编辑:使用在任意平面定义的坐标系添加 H 和 M 点的计算(参见第 40.2 节pgf 手册v3.1) 和垂直线相交(参见 13.3.1 节):
编辑 2:修复旋转 XY 平面中的一个错误
\documentclass[tikz, border=5pt]{standalone}
\usepackage{tikz}
\usetikzlibrary{3d}
\usetikzlibrary{calc}
\usetikzlibrary{angles}
\tikzset{
axis/.style = {color = blue,very thin,->,},
% Set the axonometric 3d view that you prefer setting x, y, z unit vectors
x={(-135:0.8cm)},
y={(0:1cm)},
z={(90:1cm)},
}
\begin{document}
\begin{tikzpicture}
% -- add these 3 lines if axis is preferred
%\draw[axis] (0, 0, 0) -- (5, 0, 0) node [right] {$X$};
%\draw[axis] (0, 0, 0) -- (0, 5, 0) node [above] {$Y$};
%\draw[axis] (0, 0, 0) -- (0, 0, 5) node [above] {$Z$};
% define points
\path
(0,0,0) coordinate (d1)
(4,0,0) coordinate (d2)
(4,4,0) coordinate (d3)
(0,4,0) coordinate (d4)
(3,2,0) coordinate[label=left:$A$] (A) node [circle, fill=black, inner sep=1.5pt] {}
(1,3,0) coordinate[label=right:$B$] (B) node [circle, fill=black, inner sep=1.5pt] {}
(1,1,0) coordinate[label=below:$K$] (K) node [circle, fill=black, inner sep=1.5pt] {}
;
\draw (d1) -- (d2) -- (d3) -- (d4) -- cycle;
\draw (A) -- (B);
% common angle
\pic [draw=blue, pic text={$\beta$} ] {angle = d3--d2--d1};
% Finding H.
% The XY plane is rotated to adjust the X-axis to the A-B line.
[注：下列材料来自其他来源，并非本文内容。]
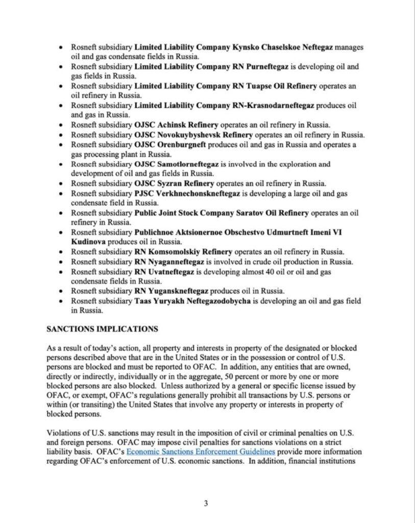 Він уточнив, що нові санкції спрямовані проти двох найбільших російських нафтових компаній — ПАТ “НК Роснефть” та “Лукойл”.
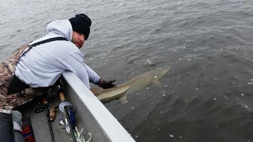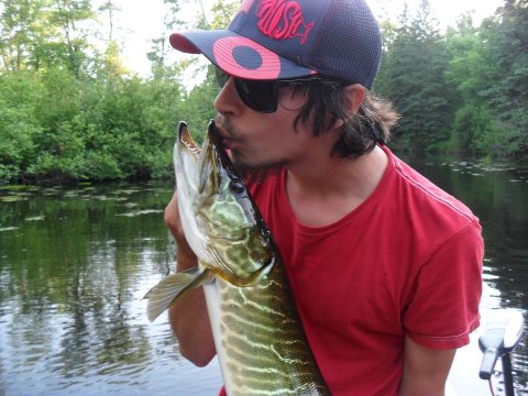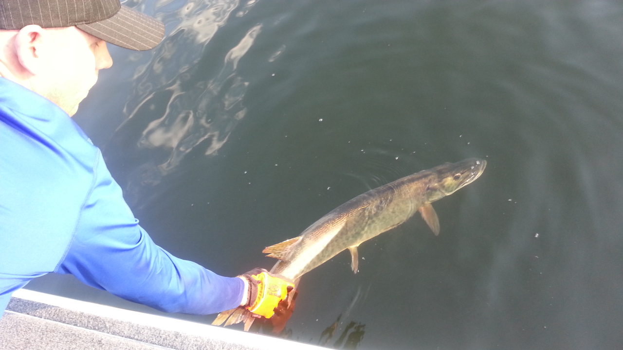Prob not the best pic in the world but I love it anyway because as the fish was getting set in the water he soaked me dad and the camera, Was also caught at the Muskiefirst 2014 Spring bay outing.
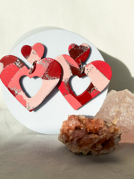 Patchwork Pinks Red Silver Stacked Heart Dangle Studs Clay EarringsRegular price $14.00 USDRegular priceUnit price / per-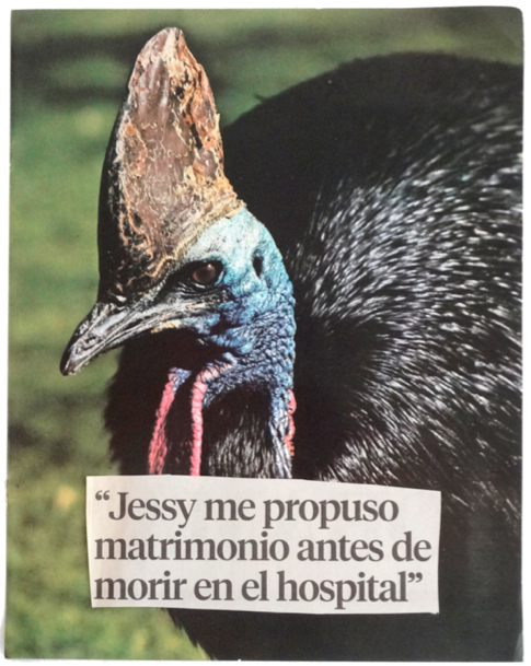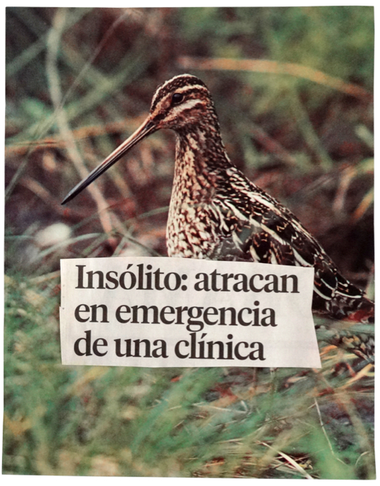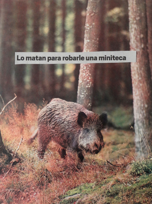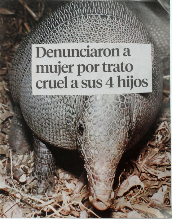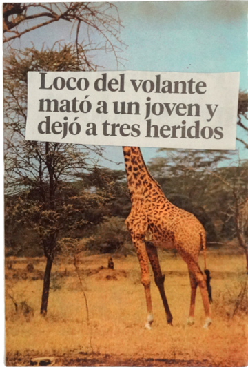 Por el contrario, Sucesos del día a día (imágenes de animales acompañados de titulares de prensa), hace referencia a situaciones de violencia y de muerte de individuos particulares. En este caso, se relaciona a lo melancólico pero también a la amargura que deja la pérdida o la ausencia de un ser humano específico. Aquello que Humboldt recibió en su retina y su alma se hace trágica; la regocijada narración (fiel registro de lo que apareció ante el) es sustituido por titulares de prensa que denotan hechos noticiosos cargados de violencia[4].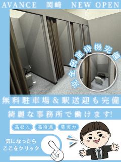 ブログをご覧いただきありがとうございます!AVANCEの佐藤です!オープンしたての岡崎店はピカピカの綺麗な事務所で働けます!改装工事に約2か月かけたこだわりの空間です✨■ アクセス・駐車場場所は 「東岡崎駅」から車でわずか5分!・駅までのお迎え無料・無料駐車場完備で車通勤も楽々・完全送迎スタイルで 誰にも会わずプライ…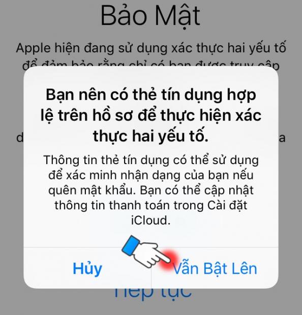 Bước 7: Apple sẽ khuyên bạn nên có thẻ tín dụng để thực hiện, nếu không có thẻ tín dụng bạn chọn Vẫn bật lên.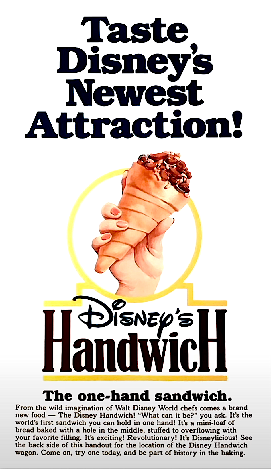 In a recording taken early in the afternoon of May 7, 1984, a veteran Disney Imagineer, noted for her calm touch with members of the public, can be heard asking the sixteen participants to share their impressions of finger foods. “I’m talking something you can hold in the palm of your hand.” This was the fifth focus group of the day, out of a cool Disney dozen. Her voice is clear, even though the hum of the air-conditioning cloaks the words of participants further from the microphone. “Like a sandwich. But just for your hand. A handwich.”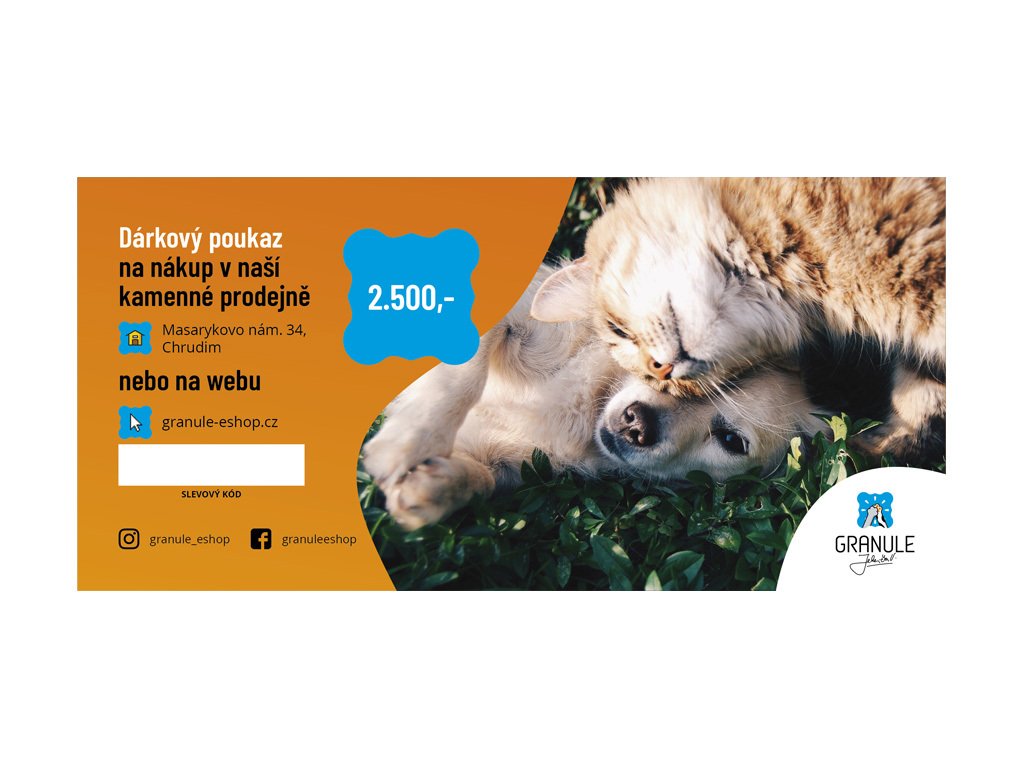 Pokud chcete udělat někomu radost, věnujte mu náš dárkový poukaz, který je možné využít jak na www.granule-eshop.cz, tak na naší kamenné prodejně.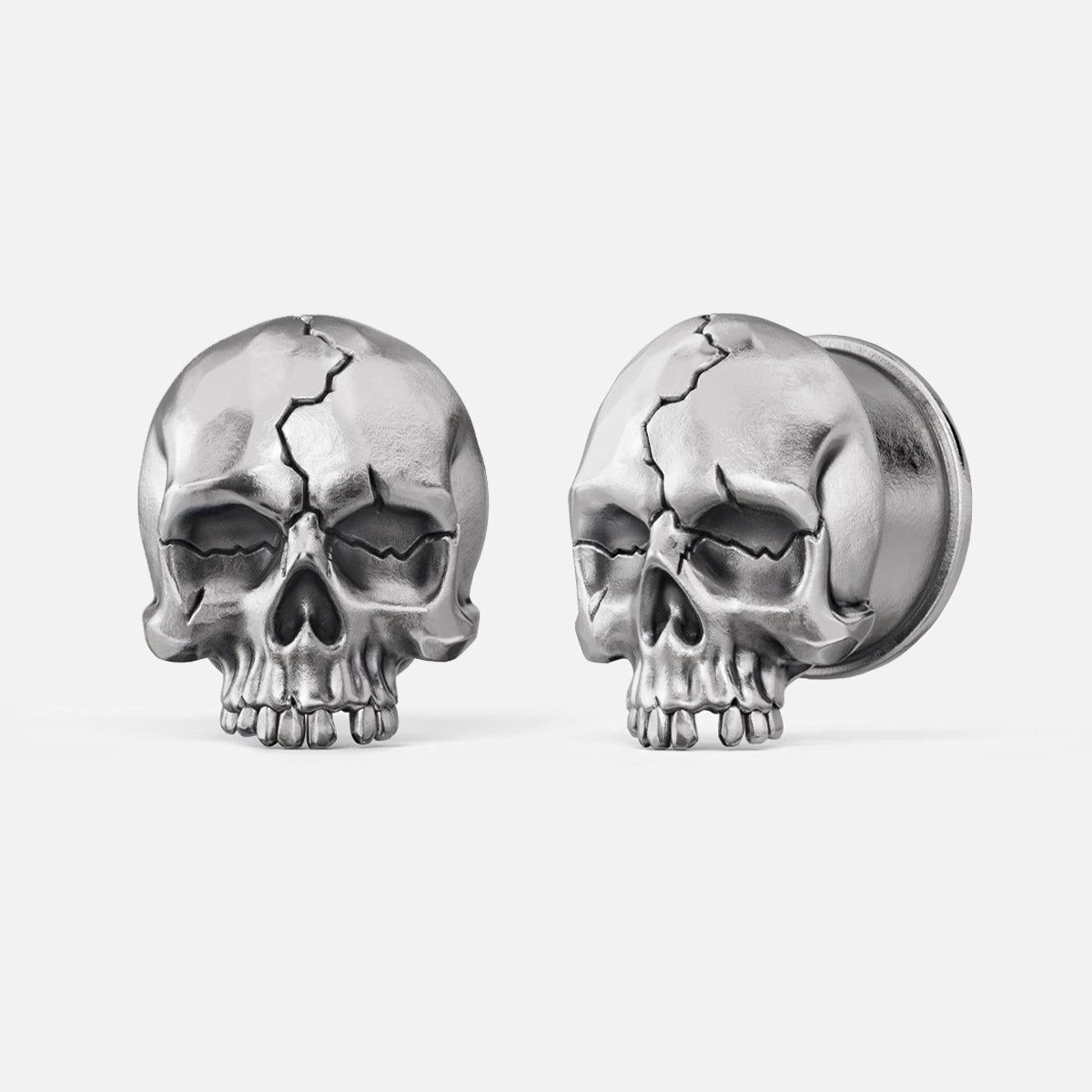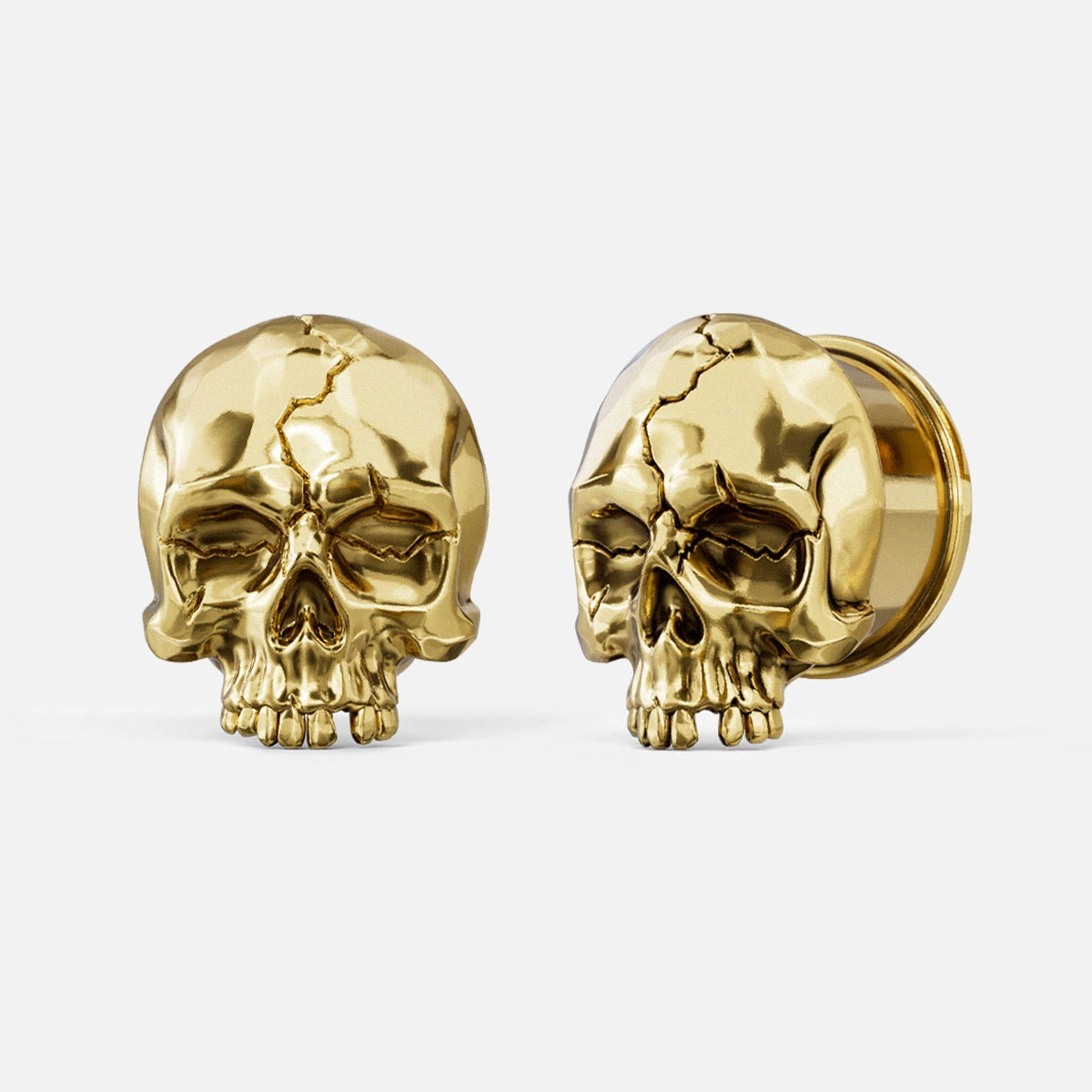 These plugs feature a circular design with intricate gothic patterns and a central door knocker element, offering a bold, vintage aesthetic. This item is sold as a pair.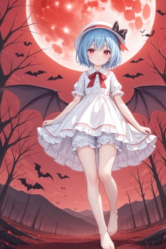 (masterpiece), (best quality), illustration, ultra detailed, hdr, Depth of field, (colorful),loli,inely detailed, Depth of field, masterpiece, extremely detailed CG unity 8k wallpaper, best quality, high resolution illustration, Amazing, intricate detail, best illumination, best shadow, an extremely delicate and beautiful, レミリア・スカーレット, full_moon, red moon, night, outdoors, blood, bare_tree, Blood red sky, bat swarm, remilia_scarlet, Remilia Scarlet, 1 loli, 9 years old, little girl, ribbon, Blue Hair, short hair, disheveled hair, bat wing, DECAYING BAT WINGS, White Dress, red_moon, wings, solo, bloomers, hat_ribbon, barefoot, red_eyes, looking_at_viewer, evil ghost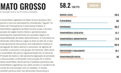 A Assembleia Legislativa de Mato Grosso é a sexta mais transparente do país, segundo ranking divulgado nesta quinta-feira (25) pela Transparência Internacional – Brasil. Para elaboração...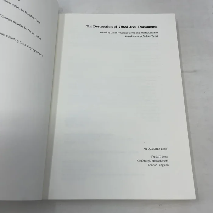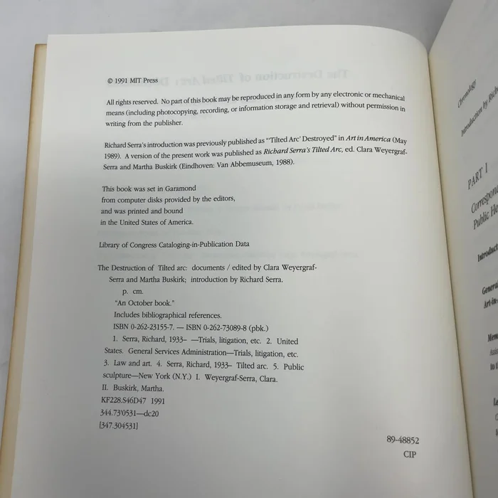 , a 120-foot curved Cor-Ten steel structure in New York City’s Federal Plaza, was destroyed in the spring of 1989 by the General Services Administration, the federal agency that had commissioned and installed what was Serra’s most ambitious and probably most important public sculpture. These documents from the public hearing and the court proceedings are an essential primary source for scholars of art and law, providing a complete and moving record of censorship in the arts.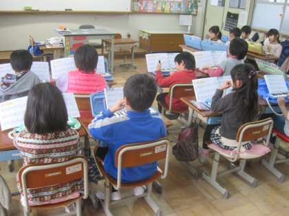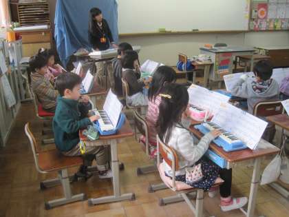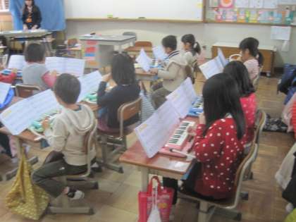 初めは「むずかしいい」と言っていた子どもがいましたが,練習を繰り返すと上手に演奏できていました。みんなでとても美しい音色を奏でていました。
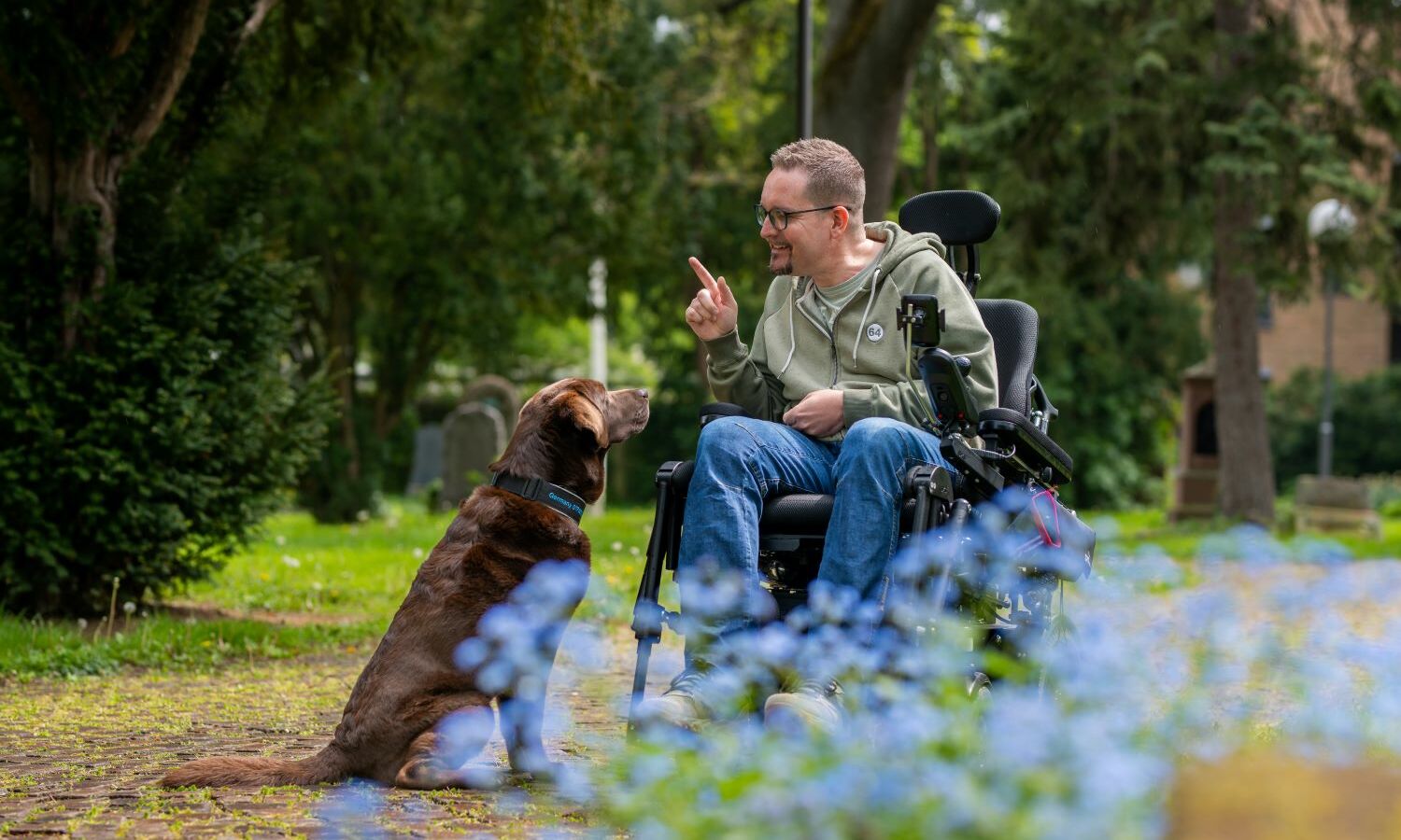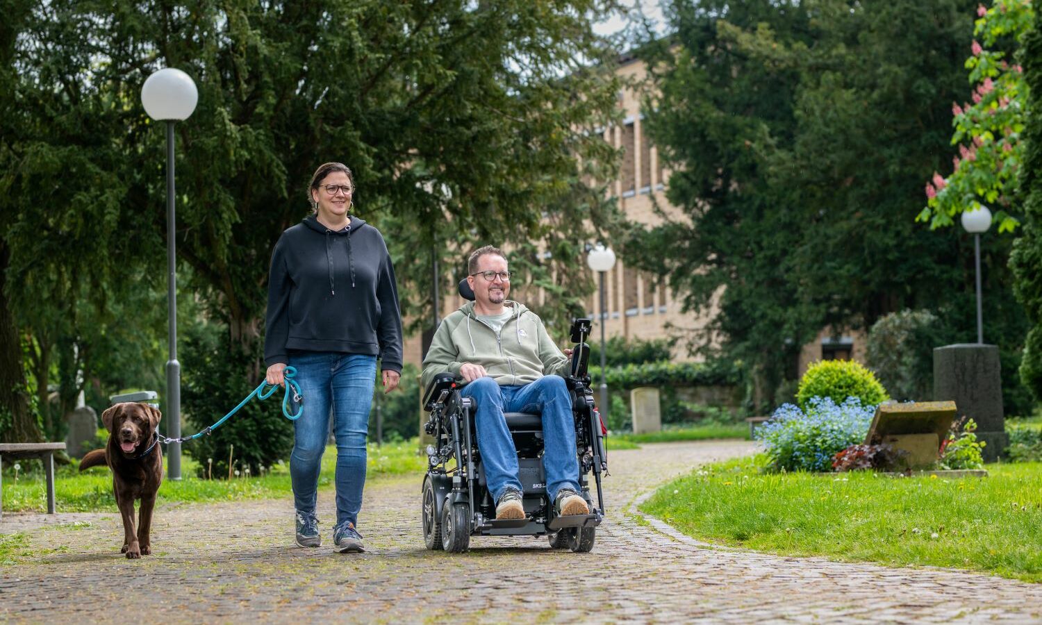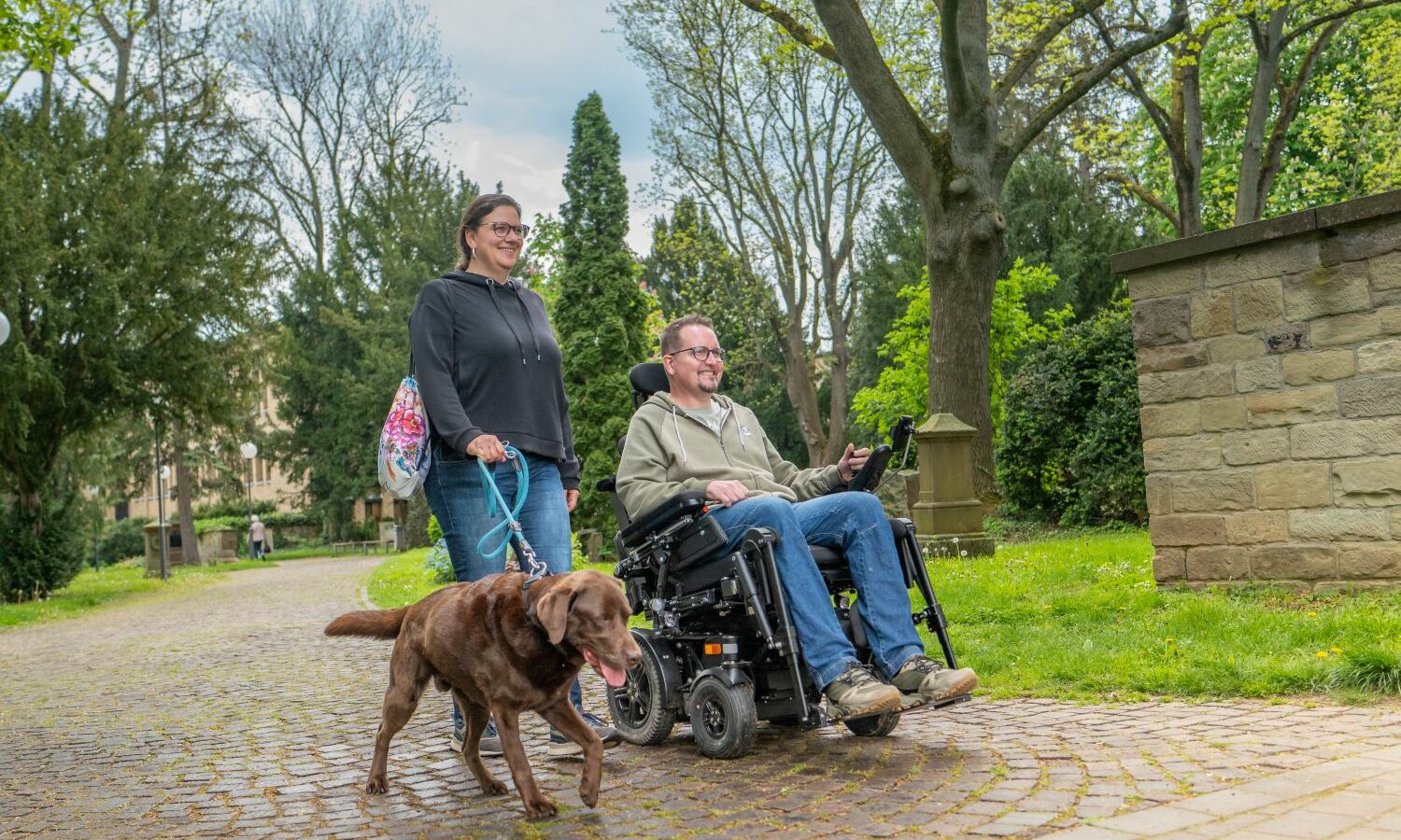Regen mag der braune Labrador Lucky nicht so wirklich gerne. „Er muss trotzdem mit mir raus an die frische Luft“, sagt Sebastian Till und lacht. Vor sieben Jahren bekam er die Diagnose Multiple Sklerose und sitzt seither oft im Rollstuhl, für ihn sind die Runden mit seinem Hund daher immer sehr wichtig. Vor allem der zu einem Park umgestaltete Alte Friedhof zwischen Rathaus und Schwabenlandhalle hat es ihm angetan.

\draw[canvas is xy plane at z=0] ($ (A)!1!90:(B) $) coordinate (Bp);
\draw[
plane origin = { (A) },
plane x = { (B) },
plane y = { (Bp) },
canvas is plane,
red
]
(A -| K) coordinate[label=below:$H$] (H) node [circle, fill, inner sep=1.5pt] {}
;
% Finding M.
% Now the coordinate system has the unit vector X fixed on the line K-H, and the
% unit vector Y is the original unit vector Z.
\draw[
plane origin = { (K) },
plane x = { (H) },
plane y = { ($ (K) + (0,0,1) $) },
canvas is plane,
red
]
(0,0) -- (0,2) coordinate[label=above:$M$] (M) node [circle, fill, inner sep=1.5pt] {}
;
\draw[red] (K) -- (H);
\draw[red] (K) -- (M);
\draw[red] (M) -- (H);
% Right angle
\pic [draw=red, angle radius=0.33cm ] {right angle = A--H--K};
\pic [draw=red, angle radius=0.33cm ] {right angle = B--H--M};
\pic [draw=red, angle radius=0.33cm ] {right angle = H--K--M};
\end{tikzpicture}
\end{document}
编辑 3:检查不同视点的计算。
\documentclass[tikz, border=5pt]{standalone}
\usepackage{tikz}
\usetikzlibrary{3d}
\usetikzlibrary{calc}
\usetikzlibrary{angles}
\usetikzlibrary{perspective}
\tikzset{
axis/.style = {color = blue,very thin,->,},
% Set the axonometric 3d view that you prefer.
3d view={120}{20},
% Caution about perspective library: Vanishing points will not work in this example
}
\begin{document}
\foreach \angle in {5,15,...,355}
{
\begin{tikzpicture}[3d view={\angle}{20}]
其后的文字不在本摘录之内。